Ja, das wäre eine elegante und einfache Lösung.

Gruß Hahnus


----------



## Matze001 (8 Oktober 2011)

Kannst ja mal in den Chat kommen, Volker und ich sind dort gerade, das Ergebnis kannst du ja dann hier in dem Beitrag niederschreiben.

Den Chat findest du oben in der Navileiste des Forums!

Grüße

Marcel


----------



## merlin (8 Oktober 2011)

Hallo

Ich verwende zur reinen Visualisierung atvise
(http://www.atvise.com/en/news/51-webmi2ads-atvise-embedded-web-server-for-beckhoff-plcs).

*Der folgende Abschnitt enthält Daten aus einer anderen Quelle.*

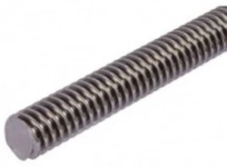 Śruba ołowiana - stal. Trapezoidalne, zwijane gwinty są bardzo przydatne w przypadku pracy z dużym obciążeniem lub wymagających dużej dokładności. Konstrukcja ze stali walcowanej (C45) zapewnia doskonałą twardość i wykończenie powierzchni, zapewniając doskonały współczynnik tarcia i większą trwałość nakrętki z ołowianymi śrubami w porównaniu z gwintami obrobionymi. Kąt wyprzedzenia wynoszący mniej niż 5° powoduje samoczynne zablokowanie tych śrub ołowianych i zmniejsza wymagany moment dokręcania. Mocniejsze i twardsze niż równoważne śruby z gwintem kwadratowym z ołowianym gwintem z gwintem o kształcie trapezoidalnym można stosować w różnych zastosowaniach, w tym w tokarkach, frezach, elektrycznych układach liniowych i pomiarowych. Śruby stalowych przewodów Gwinty walcowane precyzyjnie 0,1 mm na 300 mm dokładności odprowadzeń 0,5 mm na 300 mm prostoliniowość Prawy gwint

Kostet bei uns in Österreich 280€ und wie ich finde ist es für den Preis extrem genial.

sg
Tom


----------



## Hahnus (10 Oktober 2011)

@Merlin:
Danke- das sieht wirklich interessant aus.

Gruß Hahnus


----------



## Gerri (2 November 2011)

Die TwinCAT PLC HMI / bzw CE kann über DVI verwendet werden. Praktisch ist, dass du die Variablen direkt aus einer liste auswählen kannst. Permanent die Visu zu benutzen kann man jedoch umgehen wenn man diese erst am Ende aktiviert und vorher in TwinCAT laufen lässt. dann kannst du testen, Bedienen ohne das Sie dir den Bildschirm verdeckt. Aber Beckhoff unterstütz auch die S7 Verbindung, somit kannst du WinCC Flexible ebenfalls nutzen, oder Beijer, oder Inosoft...


----------